= RECORDS FOR PROCESSING =

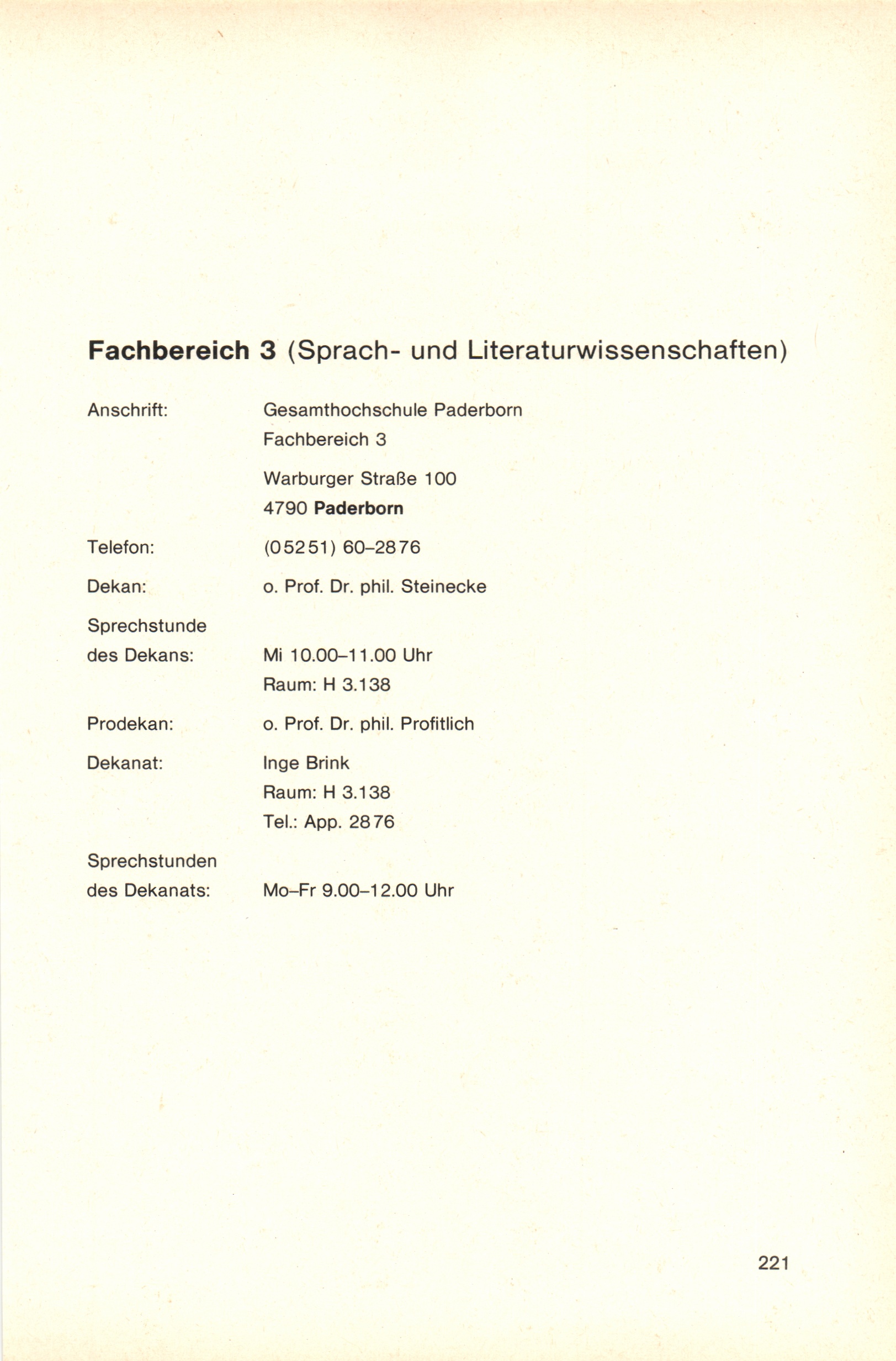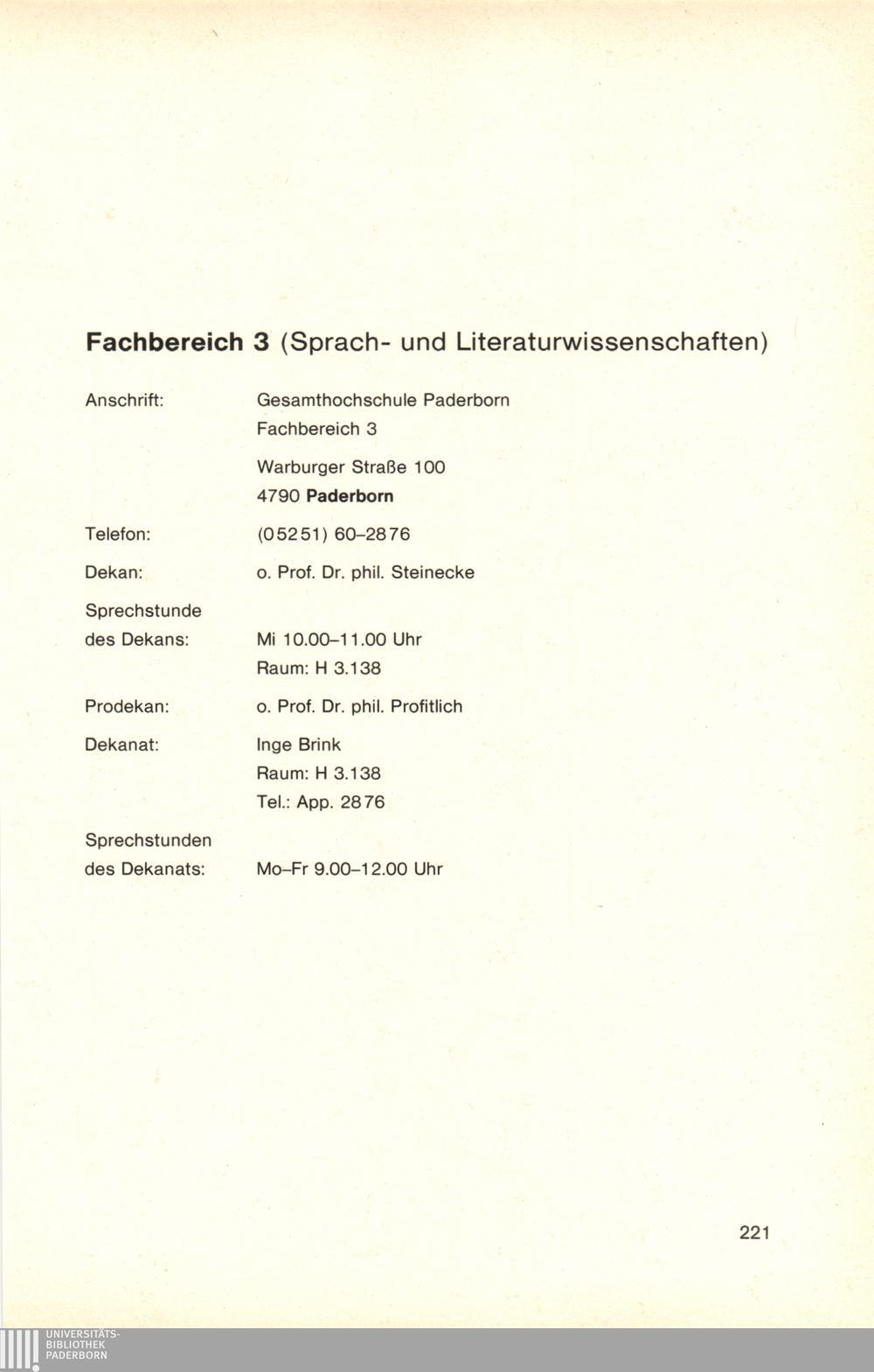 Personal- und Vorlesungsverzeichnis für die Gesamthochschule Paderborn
* * *
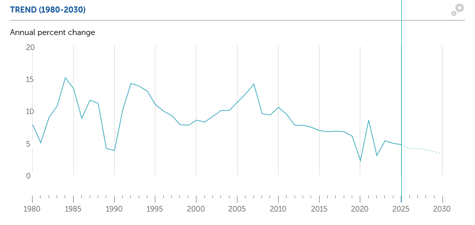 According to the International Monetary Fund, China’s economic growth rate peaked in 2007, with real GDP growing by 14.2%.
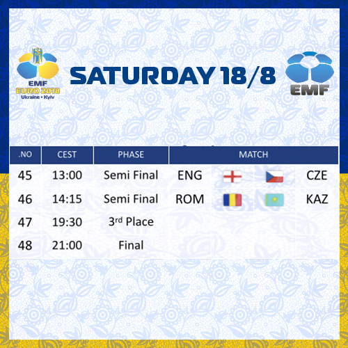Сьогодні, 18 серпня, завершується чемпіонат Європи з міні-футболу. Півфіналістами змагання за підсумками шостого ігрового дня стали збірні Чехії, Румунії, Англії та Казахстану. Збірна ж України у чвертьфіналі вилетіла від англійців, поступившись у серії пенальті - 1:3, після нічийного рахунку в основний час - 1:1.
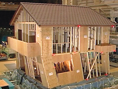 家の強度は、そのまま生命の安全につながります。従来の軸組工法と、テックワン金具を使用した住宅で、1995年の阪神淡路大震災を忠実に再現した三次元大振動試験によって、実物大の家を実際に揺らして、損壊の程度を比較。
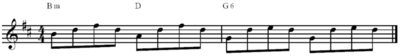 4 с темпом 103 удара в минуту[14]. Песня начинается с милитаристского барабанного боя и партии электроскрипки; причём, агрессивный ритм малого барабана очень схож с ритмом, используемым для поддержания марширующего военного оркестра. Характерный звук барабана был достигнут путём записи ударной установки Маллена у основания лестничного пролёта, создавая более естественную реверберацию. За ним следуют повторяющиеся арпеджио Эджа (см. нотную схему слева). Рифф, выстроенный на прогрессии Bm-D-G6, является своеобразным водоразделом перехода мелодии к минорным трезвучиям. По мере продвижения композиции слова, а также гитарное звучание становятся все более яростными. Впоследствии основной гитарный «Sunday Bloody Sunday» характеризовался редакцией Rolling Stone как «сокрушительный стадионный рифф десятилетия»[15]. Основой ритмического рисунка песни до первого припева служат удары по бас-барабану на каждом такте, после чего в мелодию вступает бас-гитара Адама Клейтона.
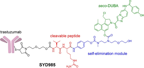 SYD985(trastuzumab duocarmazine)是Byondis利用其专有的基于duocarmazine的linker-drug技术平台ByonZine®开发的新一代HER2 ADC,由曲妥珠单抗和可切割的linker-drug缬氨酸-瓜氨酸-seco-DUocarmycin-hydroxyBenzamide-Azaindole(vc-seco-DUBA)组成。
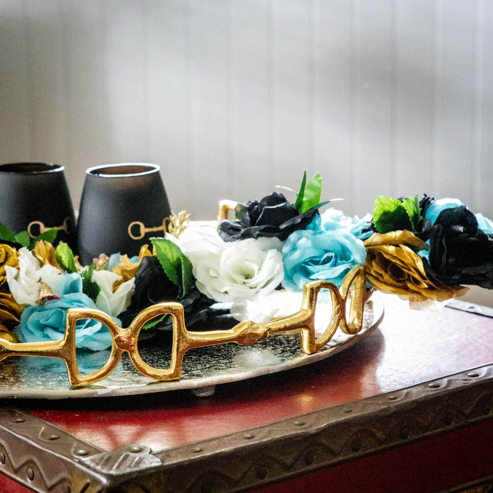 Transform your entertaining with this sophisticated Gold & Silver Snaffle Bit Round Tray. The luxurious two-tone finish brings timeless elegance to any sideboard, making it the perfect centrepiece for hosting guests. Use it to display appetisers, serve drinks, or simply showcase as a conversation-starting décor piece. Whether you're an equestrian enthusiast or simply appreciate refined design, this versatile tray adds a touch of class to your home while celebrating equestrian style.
* * *
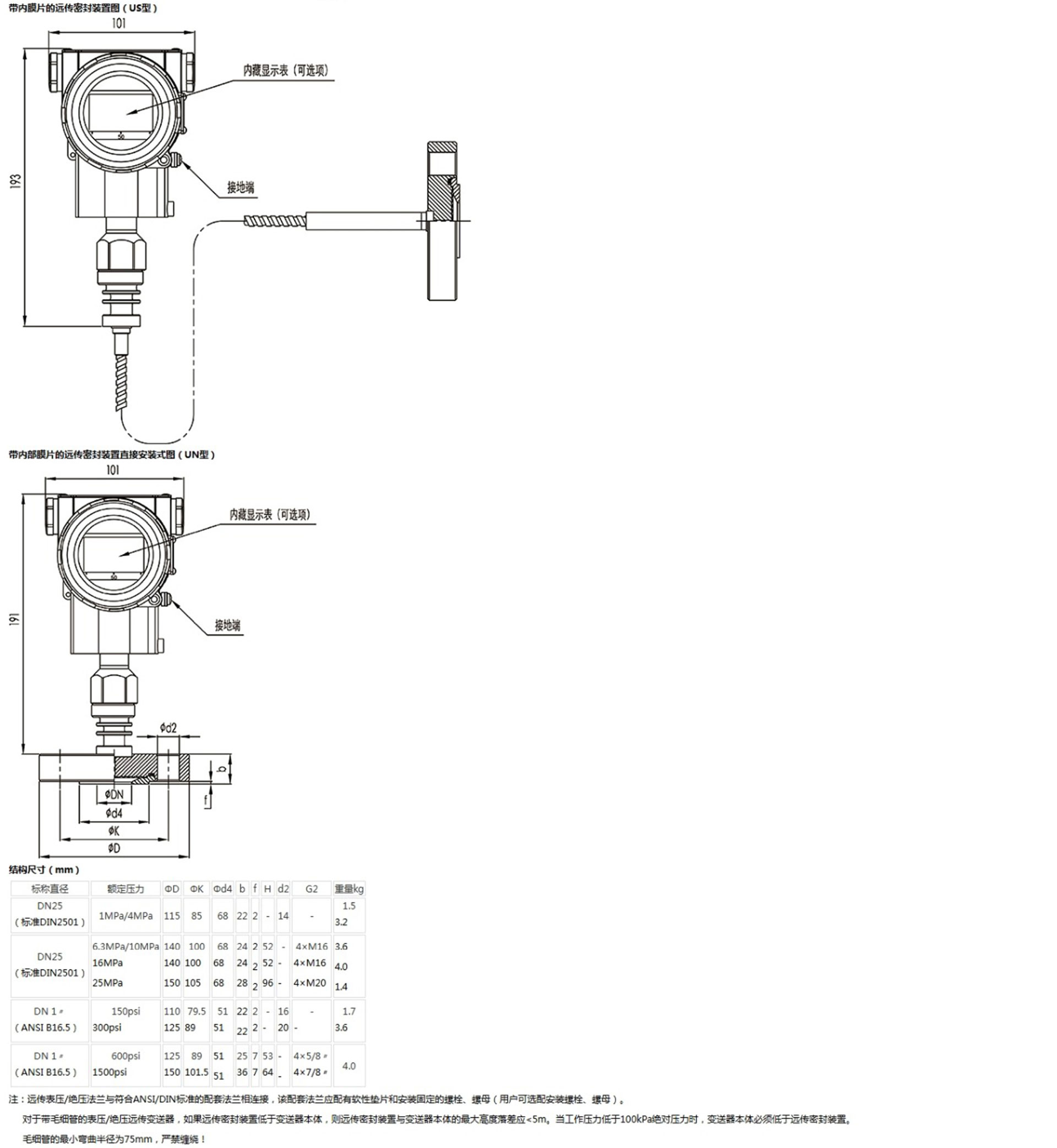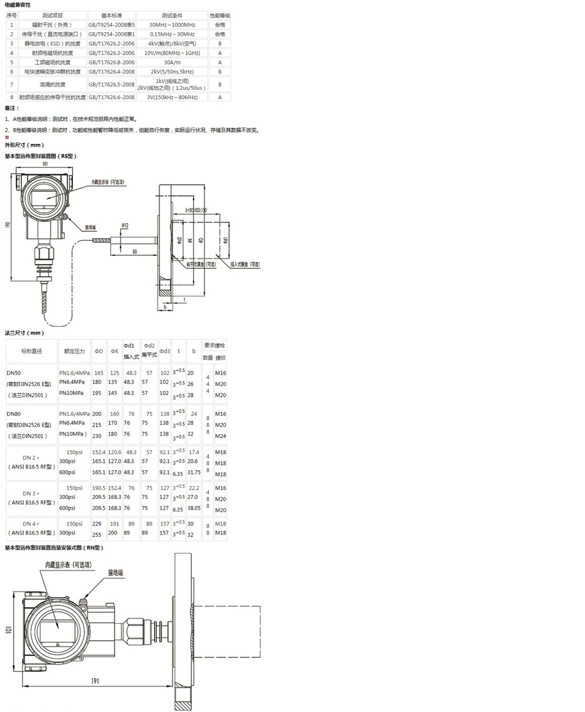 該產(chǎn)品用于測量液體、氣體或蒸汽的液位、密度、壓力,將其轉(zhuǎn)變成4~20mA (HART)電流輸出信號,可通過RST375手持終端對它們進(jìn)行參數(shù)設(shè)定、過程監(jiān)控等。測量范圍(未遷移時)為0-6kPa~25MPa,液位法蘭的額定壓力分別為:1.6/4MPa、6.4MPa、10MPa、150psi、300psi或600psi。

= YOUR ASSIGNMENT =
Please repeat the lines of the material above exactly, starting with the line that contains "Сьогодні, 18 серпня, завершується" and ending with the line that contains "家の強度は、そのまま生命の安". Leave the pictures out.

= SOLUTION FOR THIS PROBLEM =
Сьогодні, 18 серпня, завершується чемпіонат Європи з міні-футболу. Півфіналістами змагання за підсумками шостого ігрового дня стали збірні Чехії, Румунії, Англії та Казахстану. Збірна ж України у чвертьфіналі вилетіла від англійців, поступившись у серії пенальті - 1:3, після нічийного рахунку в основний час - 1:1.
 家の強度は、そのまま生命の安全につながります。従来の軸組工法と、テックワン金具を使用した住宅で、1995年の阪神淡路大震災を忠実に再現した三次元大振動試験によって、実物大の家を実際に揺らして、損壊の程度を比較。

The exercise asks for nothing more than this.